Я смотрела на него, не моргая. Томас и прежде творил много глупостей, но эта превзошла все. Он должен был бы понимать, что не просто бередит старую рану – что он снова рвет мне душу. Я словно вся оледенела изнутри.
Томас судорожно выдохнул, как будто почувствовал исходящий от меня холод.

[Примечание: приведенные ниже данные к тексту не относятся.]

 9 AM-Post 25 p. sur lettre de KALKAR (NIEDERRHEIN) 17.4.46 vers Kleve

– Ну, когда я прикидывал, как ты будешь себя чувствовать, когда найдешь меня тут, я думал, что ты посмеешься. Почувствуешь облегчение от того, что худшие твои страхи оказались ложными. Что единственное, чего тебе следует бояться, – это моих ужасных попыток помочь тебе. – Он потер лоб. – Я утратил способность замечать очевидное. Теперь я понимаю, что идея была – хуже не придумаешь. Я уже говорил, что у меня нет формулы для тебя. И, похоже, я не понимаю женщин. А может, и людей вообще. Теперь я вижу, что мое чувство юмора может не найти понимания в широких массах.

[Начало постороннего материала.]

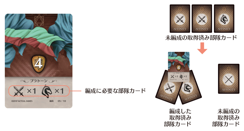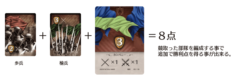 取得した部隊を編成する事で追加勝利点を得られます。編成する為にはカード内に書かれている条件に合う取得済みの部隊を編成に組み入れます。
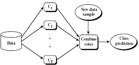 مرحله ی دسته بندی: هر نمونه را به همه ی دسته بندهای ساخته شده می دهیم و ماکزیمم تعداد رای ها را در نظر می گیریم. (رای اکثریت) برای داده های پیوسته میانگین جوابهای دسته بندها.
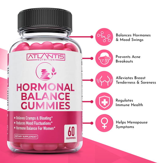 Atlantis Nutrition Hormonal Balance & Magnesium Gummies - Vegan Gummies for Muscle Cramps, PMS Relief, Bloating, Mood Swings - 60 Gummies

При этом чудовищном преуменьшении мои мышцы лица чуть дернулись, но у меня не было сил на улыбку.
– Просто иногда, когда я боюсь проиграть, я пытаюсь пошутить. Снять напряжение. Смех всегда помогал мне, и я понадеялся, что он поможет и тебе. Мне вправду очень жаль, что так получилось, Одри Роуз. И я был глубоко неправ, когда стал обсуждать твое эмоциональное состояние с Раду.
– Вот именно.
Томас кивнул. На мгновение мне показалось, что он сейчас упадет на колени, но он устоял.
– Я допустил ошибку вовсе не из-за неверия в тебя. Я просто опасался, что Раду примется сыпать вопросами про Джека-потрошителя. Я думал, что он по неосторожности причинит тебе боль, и знал, что мне захочется его убить. Я знал, что ты не нуждаешься в защите, но меня снедало желание сделать тебя счастливой.

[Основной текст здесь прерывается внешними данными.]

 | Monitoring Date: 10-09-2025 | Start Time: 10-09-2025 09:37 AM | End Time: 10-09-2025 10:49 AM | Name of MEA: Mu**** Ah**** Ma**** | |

Томас сделал глубокий вдох; очевидно, он еще не закончил.
– На уроке у Раду, потом… я все время смотрел на твое лицо. Свет покинул его, сменившись безотрадной пустотой. Было такое ощущение, словно мы снова очутились в лаборатории, в ночь его смерти. И знаешь, что было хуже всего? Я понимал, что мог бы предотвратить это. Если бы приложил больше усилий. Если бы не боялся потерять тебя. – Томас спрятал лицо в ладонях. Дыхание его сделалось хриплым. С подбородка срывались слезы. – Я не знаю, как исправить это. Но я обещаю стараться. Я…
– Той ночью ты ничего не смог бы сделать, – мягко сказала я.
Я и сама могла бы сказать о себе то же самое, но все равно не могла перестать мысленно возвращаться к этой сцене и проигрывать ее раз за разом в попытках отыскать другой конец для этой истории. Я ласково взяла Томаса за руку. Я все еще сердилась на него, но открывшаяся перспектива смягчила мой гнев. Он по-прежнему жив. Мы можем оставить это позади и стать сильнее. Ни время, ни смерть пока что не сокрушили нас.
Томас с трудом сглотнул – кадык его дернулся, – и он посмотрел на наши соединенные руки.
– Пожалуйста, прости меня.
– Я…
И тут пол скрипнул под нами. Я отодвинулась от Томаса и попробовала перенести вес. Такое впечатление, будто где-то здесь находятся петли, нуждающиеся в смазке. Мне показалось, будто я увидела очертания люка. Хоть бы только это не было очередной иллюзией! Томас, похоже, ничего не заметил. Он неотрывно смотрел на меня, настороженно, но с надеждой. Я поняла, что он ожидает, как я отреагирую на его извинения.
– Если ты поклянешься никогда больше не заботиться обо мне у меня за спиной, то я тебя прощу, – сказала я, прекрасно осознавая, что прощу его в любом случае. Томас просиял, и я едва удержалась, чтобы не заключить его в объятия. Я кашлянула и указала на пол. – У меня есть одна теория, и я попытаюсь ее доказать. И думаю, что люк, на котором мы стоим, – первая ниточка к разгадке.
Томас еще на мгновение задержал взгляд на мне, потом переключил внимание на пол. С расстояния в несколько футов видно было даже лучше: несомненно, перед нами был потайной ход в морг.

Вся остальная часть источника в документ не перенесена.